Quando parar e procurar atendimento

  • Febre por mais de 3 dias, ou febre alta com prostração
  • Dor que não melhora ou piora progressivamente
  • Falta de ar, dor no peito, confusão mental
  • Vômito ou diarreia persistentes, com sinais de desidratação
  • Sangramento de qualquer origem
  • Manchas na pele que não desaparecem à pressão
  • Sintoma que retorna sempre que o remédio acaba
  • Necessidade de aumentar a dose para obter o mesmo efeito

O farmacêutico é um recurso subutilizado

Toda farmácia deve ter farmacêutico presente, e a orientação é gratuita. Ele pode avaliar interações com o que você já usa, indicar produtos isentos de prescrição, checar dose e alertar sobre contraindicações. É a consulta de saúde mais acessível do país — e quase ninguém usa.

Perguntas Frequentes

Antibiótico sobrando serve para a próxima vez?

Não. A escolha do antibiótico depende da bactéria e do sítio da infecção, e a dose precisa ser completa. Usar sobra é ineficaz e favorece resistência. Descarte em ponto de coleta de farmácia — nunca no lixo comum ou no vaso sanitário.

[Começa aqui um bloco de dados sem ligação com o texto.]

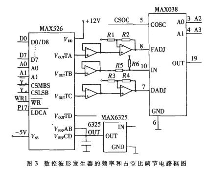 MAX038 的輸出頻率主要受振蕩器電容 CF、 IIN 端電流 IIN 和 FADJ 端電壓 VFADJ 控制。選擇一個(gè) CF 值, 對(duì)應(yīng)IIN 端電流變化, 將產(chǎn)生一定范圍的輸出頻率。另外, 改變 FADJ 端的電壓, 可以在 IIN 控制的基礎(chǔ)上, 對(duì)輸出頻率實(shí)現(xiàn)微調(diào)控制。 可通過(guò)電壓輸出型的 DAC MAX526 實(shí)現(xiàn)輸出頻率的數(shù)控調(diào)節(jié)。MAX038 的 IIN 端和 FADJ 端分別連接到 MAX526 的 VOUTA 和 VOUTB 兩個(gè)輸出端上。通過(guò) V B 產(chǎn)生 0V( 00H) 到2.5V( 0FFH) 的輸出電壓, 再經(jīng)電壓/電流轉(zhuǎn)換網(wǎng)絡(luò), 在 IIN 端產(chǎn)生 0μ A 到 750μ A 的工作電流, 使之產(chǎn)生相應(yīng)的頻率范圍。VOUTB 將此工作電流范圍分為 256 級(jí)步進(jìn)間隔, 輸出頻率范圍也被分為 256級(jí)步進(jìn)間隔。所以, IIN 端電流實(shí)現(xiàn)了對(duì)輸出頻率的粗調(diào)。VOUTA 在 FADJ 端產(chǎn)生一個(gè)從- 2.4V( 00H) 到+2.4V( 0FFH) 的電壓范圍, 該范圍同樣也包含 256 級(jí)步進(jìn)間隔, 將 IIN 端的步進(jìn)間隔再次細(xì)分為 256 級(jí)步進(jìn)間隔,從而在粗調(diào)的基礎(chǔ)上實(shí)現(xiàn)微調(diào)。各頻段的頻率范圍劃分為 65 536 級(jí)間隔。 MAX526 的 VOUTC 在 DADJ 端產(chǎn)生一個(gè)從- 2.3V( 00H) 到+2.3V( 0FFH) 的 電壓 調(diào)節(jié)范 圍, 對(duì) 占空比實(shí)現(xiàn)數(shù)字控制, 該范圍包含 256 級(jí)步進(jìn)間隔。VOUTC的每一級(jí)步進(jìn)對(duì)應(yīng)著 Δ V=[2.3- ( - 2.3) ]/256=17.9mV 和V%=( 90%- 10%) /256=0.3125。調(diào)節(jié)占空比時(shí)應(yīng)盡量避免輸出頻率發(fā)生變化。僅當(dāng) δ =15%~85%且 25μ A<IIN<250μ A 時(shí), 對(duì)頻率影響最小。數(shù)控波形發(fā)生器頻率和占空比調(diào)節(jié)電路的原理圖如圖 3 所示。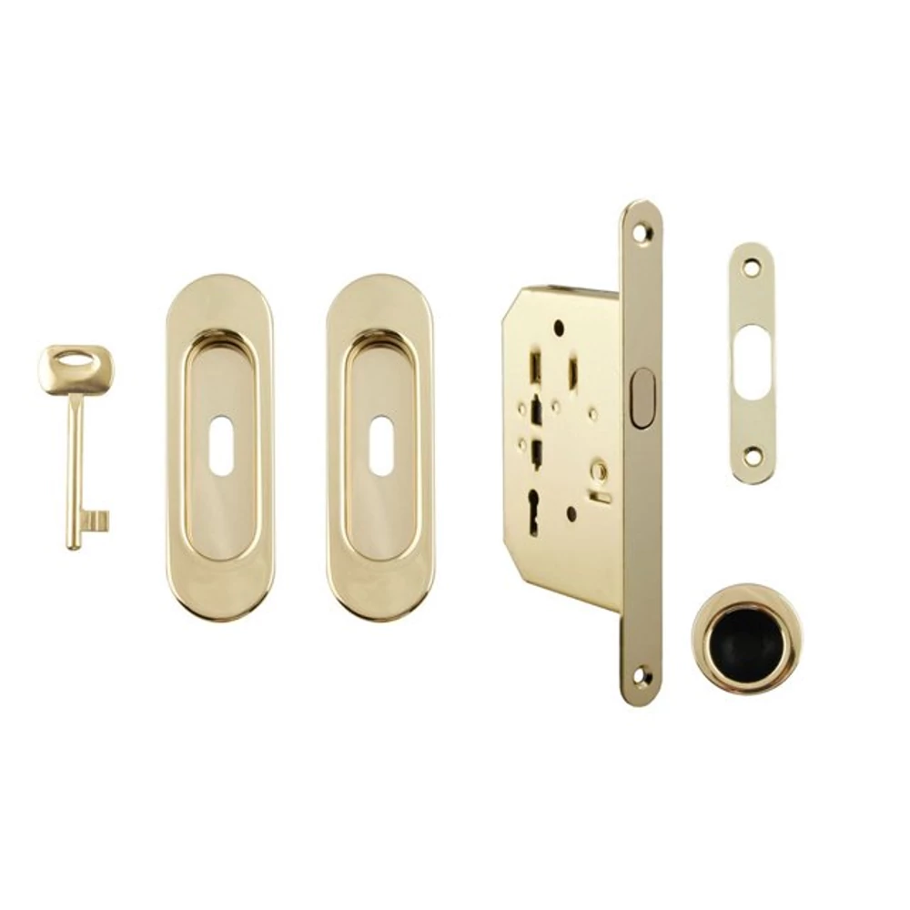 Made in Italy fényes réz ovál tolóajtó BB zár szett húzókával

Chá e fitoterápico são seguros por serem naturais?

Não necessariamente. Ginkgo e alho em doses altas aumentam sangramento; erva-de-são-joão reduz a eficácia de anticoncepcionais, antidepressivos e anticoagulantes; várias plantas são hepatotóxicas. Natural não é sinônimo de inofensivo — informe ao médico tudo o que você usa.

Posso dar meu remédio a um parente com o mesmo sintoma?

Não. Mesmo sintoma não significa mesma causa, e a pessoa pode ter contraindicação, alergia ou usar outro medicamento que interage. Compartilhar remédio controlado, além do risco, é irregular.

Vitaminas podem ser tomadas livremente?

Não em qualquer dose. Vitaminas A, D, E e K se acumulam no organismo, e excesso de vitamina D causa hipercalcemia e dano renal. Veja quando a suplementação é necessária.

Remédio vencido faz mal?

Perde eficácia, o que é problema sério em anticoncepcional, antibiótico e medicação de emergência. Alguns podem se degradar em compostos indesejados. Confira a validade e observe também mudanças de cor, cheiro e textura.